Dealing with the weather: extreme heat

I have more good news. 

When the weather heats up, you don’t have to sacrifice your run!

5 tips for running in extreme heat

1. Stay hydrated. Drink water throughout the day to stay hydrated. Your body will be able to adapt better to handle the stress of extreme heat when it is properly hydrated. A sports beverage is a great drink choice during a run because it replaces electrolytes which you lose through your sweat. *Remember that by the time you feel thirsty, you may already be dehydrated. All the more reason to drink up!*

[The above photo is me guzzling water after a run in 80 degree weather!]

2. Run at cooler times of the day. Try to get your run in early in the morning or in the evening when the sun’s rays aren't as hot. Your body will thank you.

3. Adapt. Slow your pace and reduce your intensity when running in extreme heat. Your body can adjust to warmer weather in about two weeks.

4. Wear the right clothes. Wear loose fitting wicking clothes that are light colored. Wicking apparel allows moisture to pass through the material so your skin stays cool. It is also a good idea to wear sunglasses, waterproof sunscreen, and a hat to protect your skin and eyes from the sun.

5. If all else fails... If there is a heat alert, a poor air quality day, or you just can’t stand running in the heat, complete your run indoors, on a treadmill.

Tuesday, January 24, 2012

Dealing with the weather: cold

I have some good news.

When it's cold outside, you don’t have to sacrifice your run! As long as you are safely dressed, you can run in cold weather.

First things first, it is a good idea to get motivated to run outside in cold weather. Running can improve your energy level, help you sleep better at night, and will keep you in great shape. If you remember these things before heading out for a run, you will be sure to stay motivated. Meeting up with a friend is another way to assure you will run because you won’t want to let your friend down.

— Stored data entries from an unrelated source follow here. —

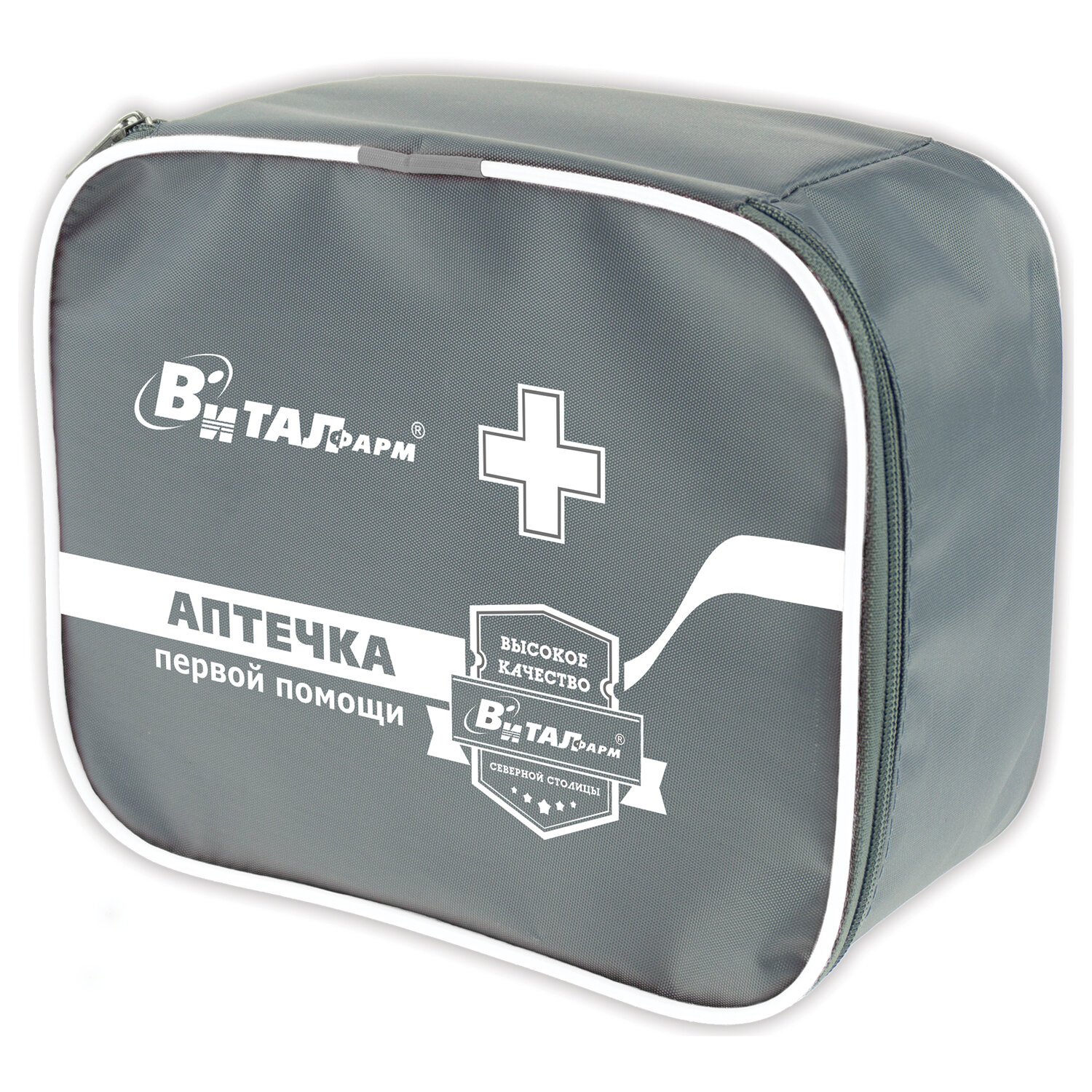 Аптечка ВИТАЛФАРМ первой помощи работникам в тканевой сумке предназначена для оказания неотложной медицинской помощи работникам вне медицинских учреждений.
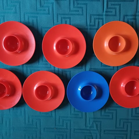 Andet, Æggebægre, ROSTI, Fine RETRO æggebægre ( 1 gul, 2 vårgrønne, 2 karry gule ) Mærke ROSTI. Fra ikke ryger hjem. Pæn stand uden afslag og revner.
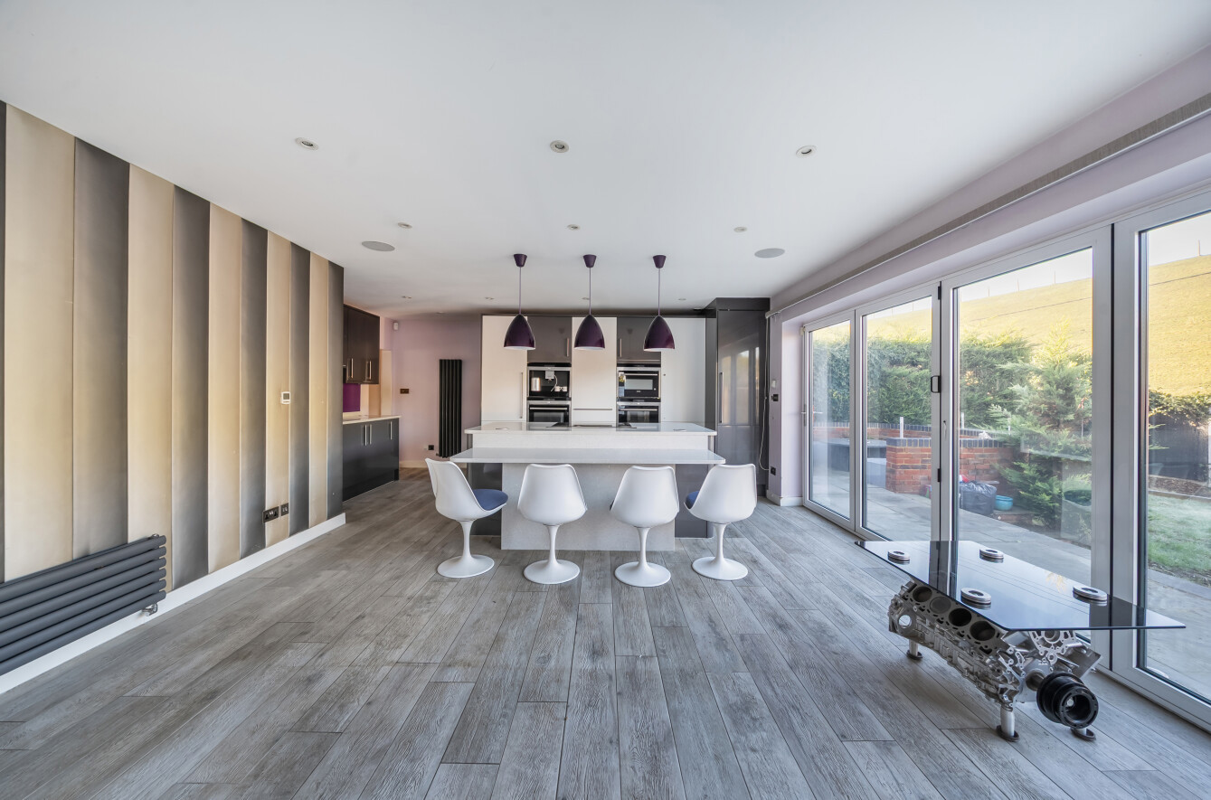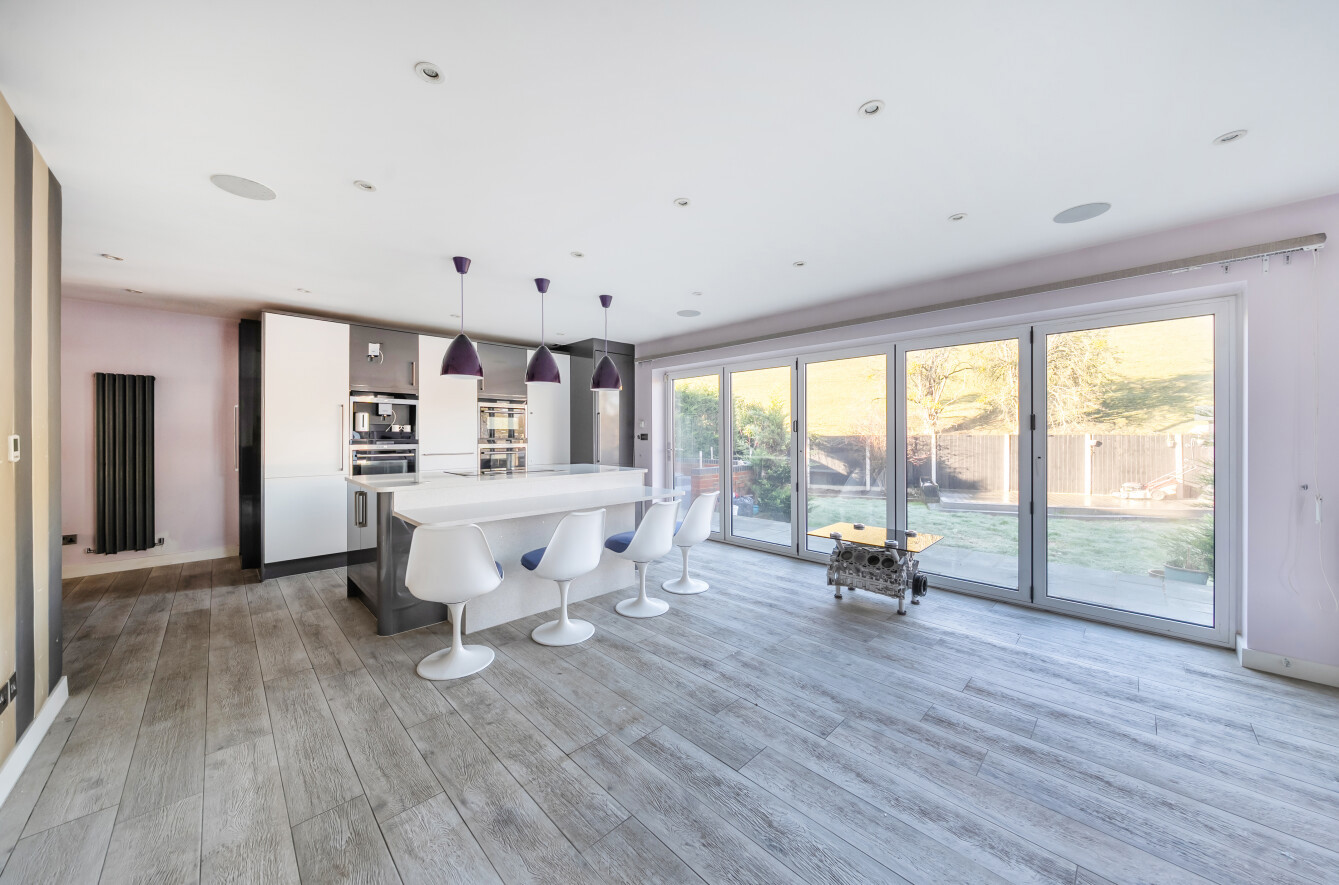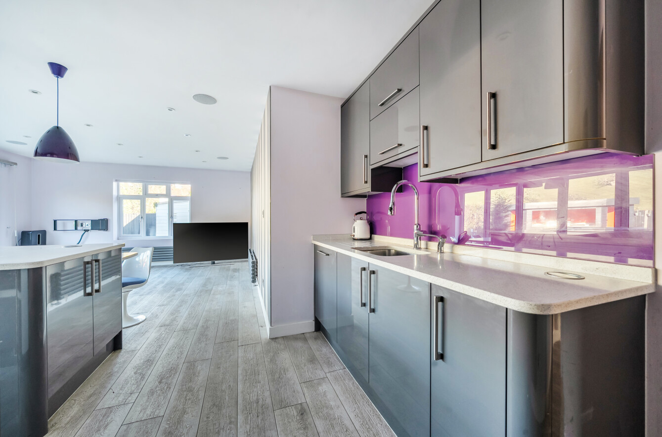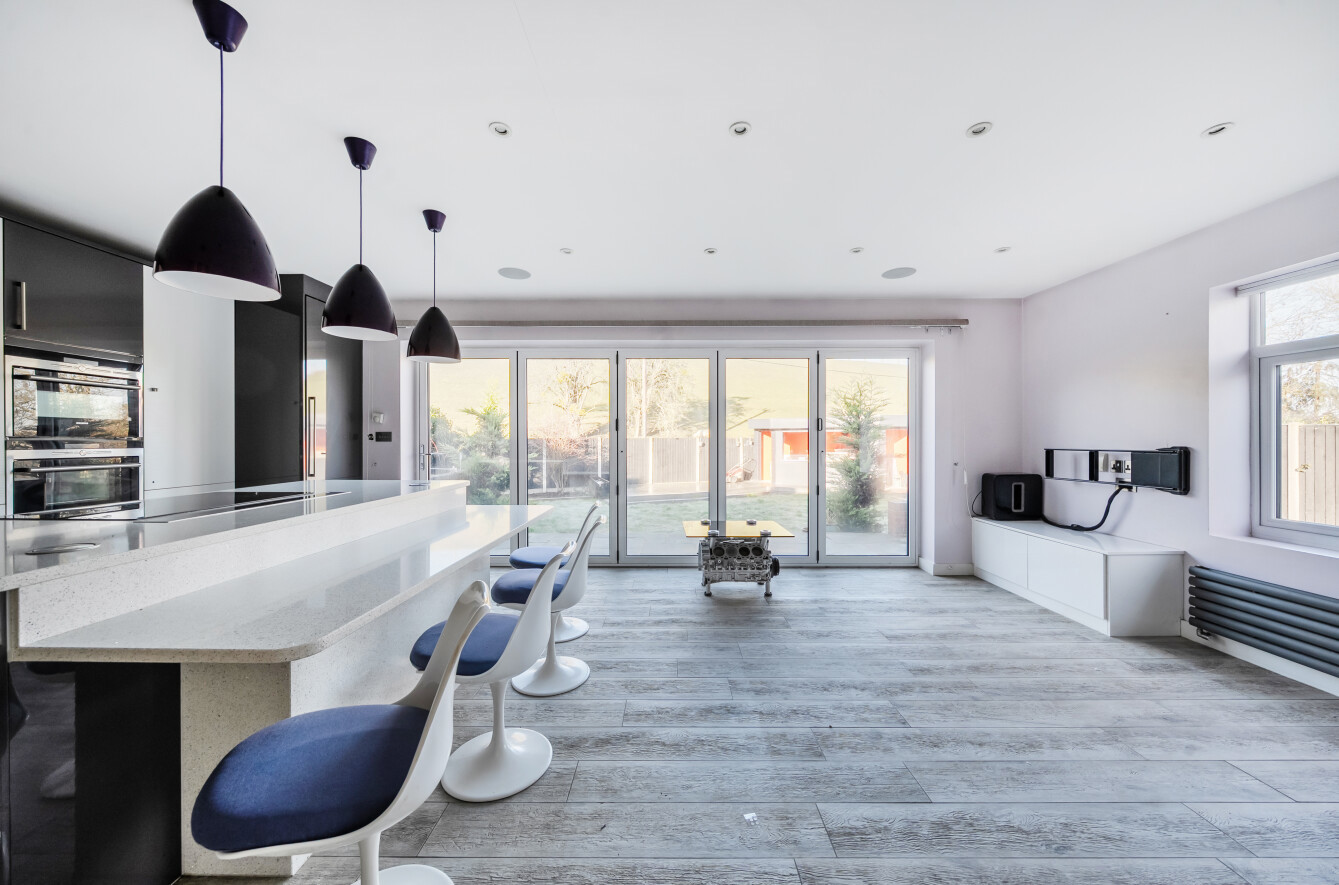 This three-bedroom semi-detached bungalow is quietly situated on a residential road and offers a comfortable family home. The property has been extended to provide spacious living areas and features modern touches such as underfloor heating.Inside, there is a well-appointed bathroom and a bright, open-plan kitchen and living area with integrated appliances and bi-fold doors opening onto the garden. The main bedroom includes a fitted walk-in wardrobe, with an additional room currently used as a home office and plenty of storage throughout.The landscaped garden includes a fire pit, BBQ area, and fitted speakers, ideal for outdoor entertaining. There is also an outdoor room, currently used as an office, which includes a shower room.

Dress in thin, sweat-wicking layers. Your base layer of clothing should be a thin layer of synthetic material like polypropylene because it wicks sweat away from your body. Avoid cotton because once you sweat, it will stay wet and make you feel cold. Your outer layer of clothing should be nylon or Gore-Tex to protect you from rain, snow, and wind. As a rule of thumb, try to dress as if it is 20 degrees warmer because your body will heat up as you begin running. You should be slightly cool when you start a run in cold weather.


Protect your hands, head, and feet. Up to 30% of your body heat escapes through your hands and feet and 40% of your body heat can escape through your head. Mittens will keep your hands warm, a hat won’t let heat escape from your head, and wool socks such as SmartWool Socks can keep your feet cool and dry.

If you don’t enjoy running in cold weather, you also have the option of joining a gym and running on a treadmill!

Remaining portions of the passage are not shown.